Graphique Classes Actifs
Performances des classes d’actifs en 2021 (Source : Datastream – Crédit Mutuel Gestion).

L’incertitude majeure réside dans les perspectives d’inflation dont les impacts en matière d’allocation d’actifs peuvent être significatifs selon la confirmation du caractère transitoire ou non. Sur ce point les choses évoluent dans un sens défavorable. Les discours des banques centrales glissent doucement de certitudes validées en début d’année vers l’expression de doutes quant au caractère éphémère de l’inflation. La crise énergétique qui se traduit par une forte hausse du pétrole mais aussi du gaz et du charbon constitue assurément une menace se rajoutant aux autres facteurs qui prennent une tournure plus structurelle (ruptures des chaînes d’approvisionnements, hausse des salaires, évolution de la demande, transition climatique). Les anticipations d’inflation, particulièrement scrutées par les banques centrales, se tendent et le calendrier de resserrement des politiques monétaires se resserre un peu partout dans le monde.

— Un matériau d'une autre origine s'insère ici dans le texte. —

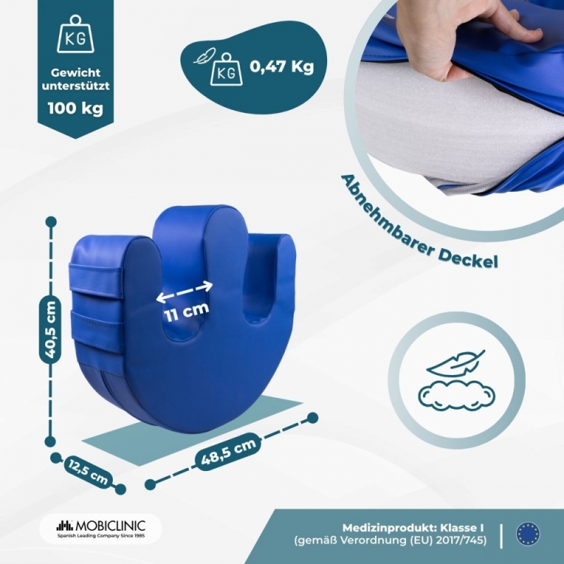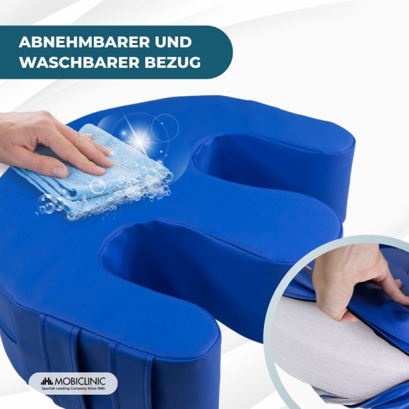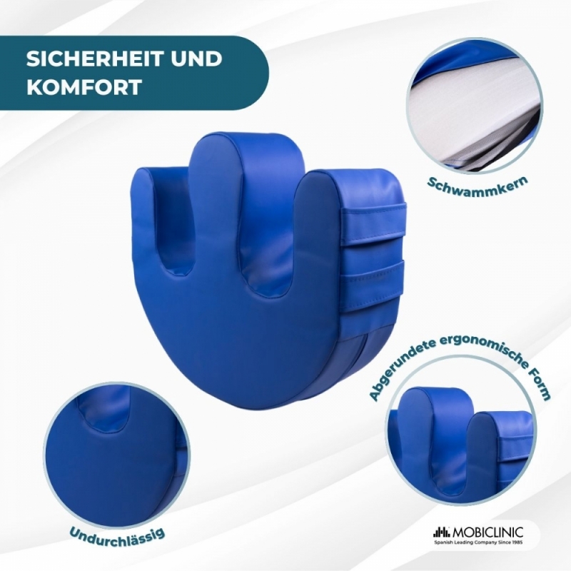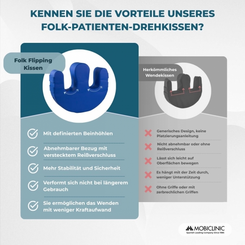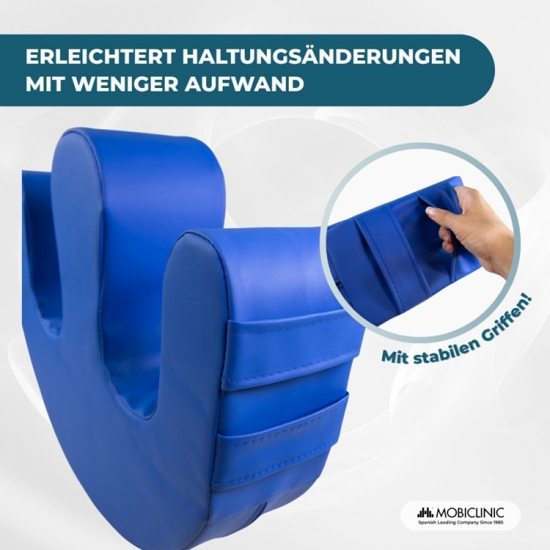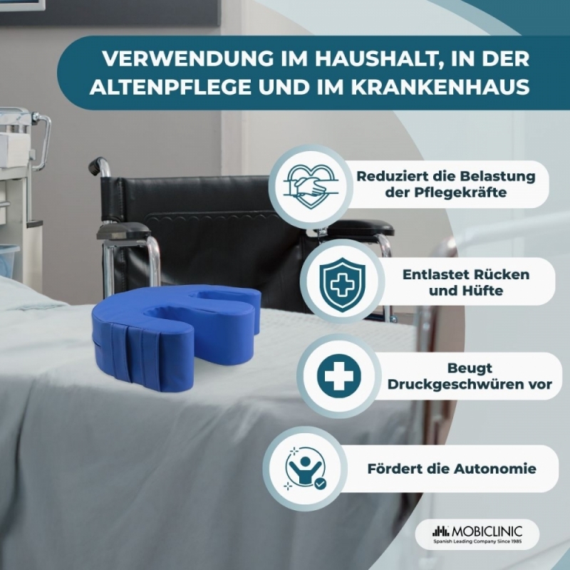 Das Mobiclinic® Folk Wendekissen wurde entwickelt, um die Pflege bettlägeriger Patienten zu verbessern und Haltungsänderungen mit vollem Komfort und Sicherheit zu ermöglichen. Seine U-Form mit abgerundetem Beinspreizer und zwei ergonomischen Seitengriffen ermöglicht dem Pflegepersonal eine mühelose Umlagerung des Patienten, reduziert die körperliche Belastung und verbessert die Effektivität der täglichen Pflege.
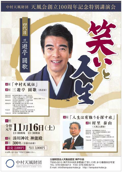 三遊亭圓歌独演会「笑いと人生」 中村天風財団創立100周年記念 19/11/16(土) 湊川神社 神能殿 シェア ツイート 中村天風財団創立100周年記念特別講演会で、三遊亭圓歌師匠による新作落語が本邦初公開! 上演情報 ジャンル 落語/演芸 【演目】 三遊亭圓歌 「中村天風伝」 村里泰由 「人生は有難うを探す旅」 料金 【全席自由】 前売-2,000円 当日-3,000円 ※定員300名※前売完売の場合、当日券なし。 表示できるチケット情報はありません詳しくはこちら キャスト&スタッフ 出演 三遊亭歌之介 村里泰由 お問い合わせ 公益財団法人天風会認定 神戸の会 シェア ツイート
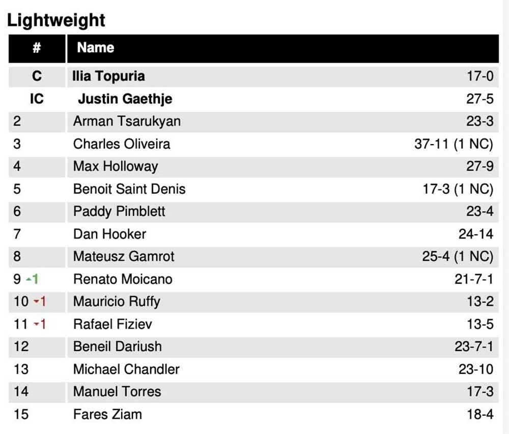 Состоявшийся в минувшие выходные турнир UFC Fight Night 272 привёл к незначительным изменениям в рейтинге двух дивизионов организации.
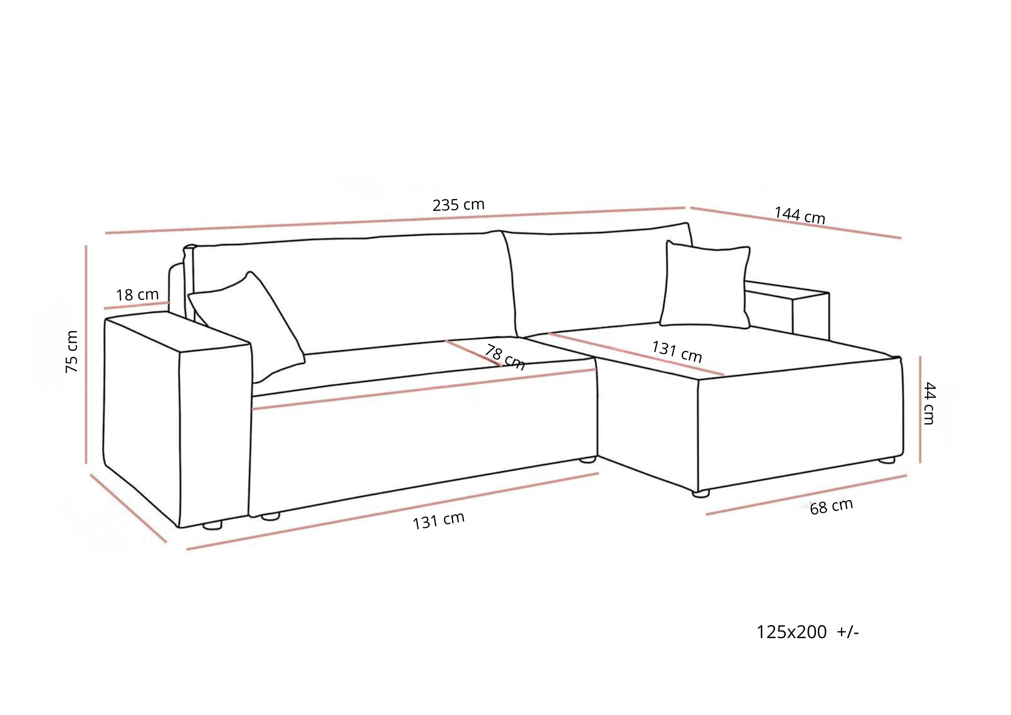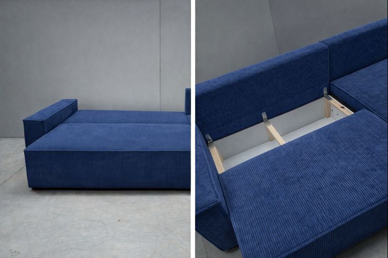 Rozkładany narożnik EDEN z pojemnikiem na pościel oraz funkcją spania, tworzy idealny mebel do twojego salonu albo sypialni.

Les taux d’intérêt pourraient se tendre

Le risque qui émerge est une erreur de politique des banques centrales dont la conduite s’écarterait d’un objectif strict d’inflation et tarderait à resserrer sa politique en privilégiant d’autres considérations, qui peuvent concerner l’emploi et la croissance.

Dans ces conditions, les taux d’intérêt à long terme prennent en compte cette nouvelle donne et reprennent un chemin haussier retrouvant des niveaux proches de leur point haut d’avril dernier. Au regard de l’ampleur de la baisse observée depuis 20 ans, ce mouvement reste toutefois limité et ne constitue pas, pour l’heure, une menace pour les marchés financiers. Mais tout est affaire de mesure : une dérive trop forte pénaliserait bien entendu les marchés obligataires mais aussi les marchés actions tant au niveau des perspectives de croissance des bénéfices (la hausse des taux pèse sur l’endettement) que des multiples de valorisation des marchés actions.